Print nothing but the lines from the start of the listing below through the line that contains "All over pearl". Do not include the pictures.
-*-
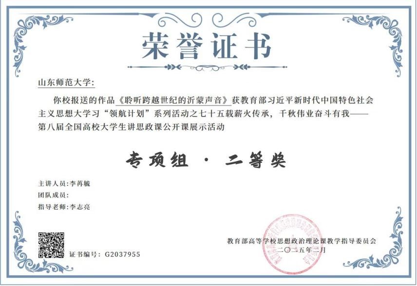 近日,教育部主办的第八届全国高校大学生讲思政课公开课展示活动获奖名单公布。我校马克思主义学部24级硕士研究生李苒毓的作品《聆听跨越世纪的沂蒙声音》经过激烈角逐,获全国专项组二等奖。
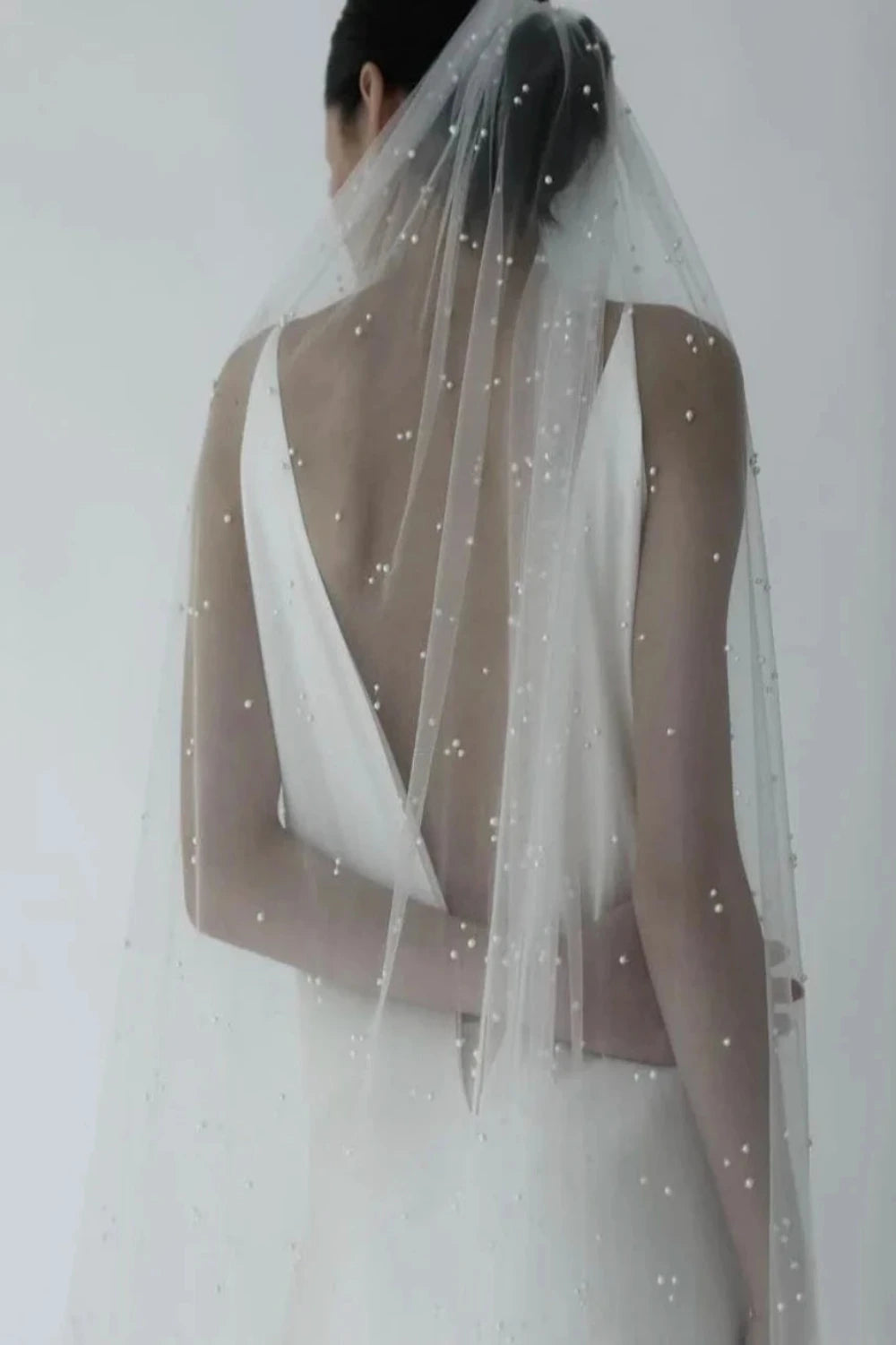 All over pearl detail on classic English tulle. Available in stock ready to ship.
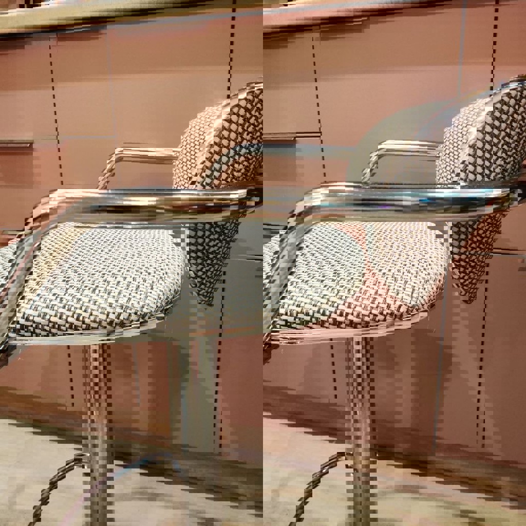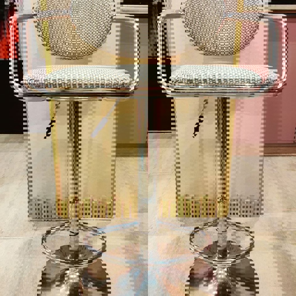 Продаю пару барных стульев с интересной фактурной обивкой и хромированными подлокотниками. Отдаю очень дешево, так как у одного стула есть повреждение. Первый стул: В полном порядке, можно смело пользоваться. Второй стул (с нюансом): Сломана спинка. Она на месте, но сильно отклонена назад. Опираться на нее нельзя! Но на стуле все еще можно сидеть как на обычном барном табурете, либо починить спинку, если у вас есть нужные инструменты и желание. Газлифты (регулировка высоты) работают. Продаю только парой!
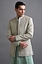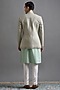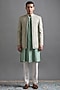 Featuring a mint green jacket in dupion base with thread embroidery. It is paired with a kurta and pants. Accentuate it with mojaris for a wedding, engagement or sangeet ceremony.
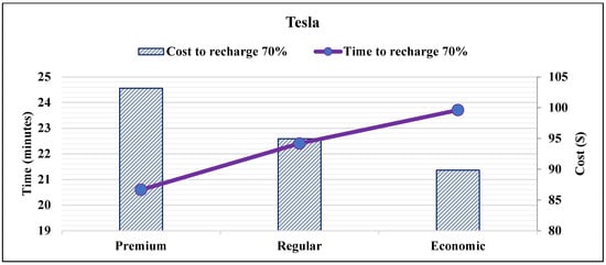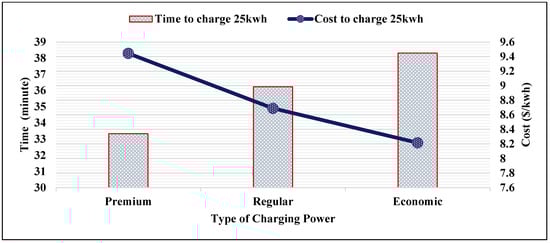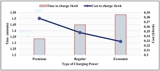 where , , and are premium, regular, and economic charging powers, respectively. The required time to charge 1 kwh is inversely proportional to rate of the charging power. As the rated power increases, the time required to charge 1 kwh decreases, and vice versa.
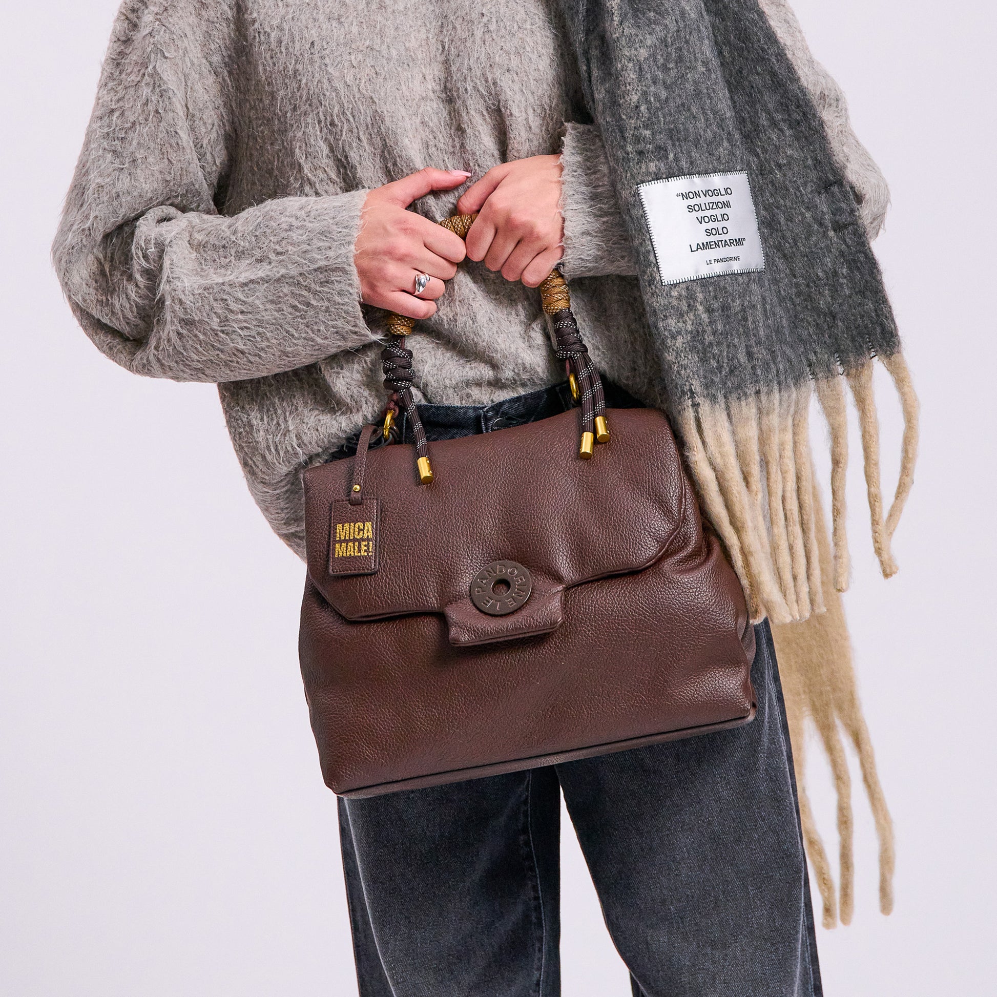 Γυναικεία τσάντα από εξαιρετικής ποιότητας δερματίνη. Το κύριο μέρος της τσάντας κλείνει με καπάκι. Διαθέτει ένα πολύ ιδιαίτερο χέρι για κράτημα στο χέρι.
-*-
ANSWER BELOW —
 近日,教育部主办的第八届全国高校大学生讲思政课公开课展示活动获奖名单公布。我校马克思主义学部24级硕士研究生李苒毓的作品《聆听跨越世纪的沂蒙声音》经过激烈角逐,获全国专项组二等奖。
 All over pearl detail on classic English tulle. Available in stock ready to ship.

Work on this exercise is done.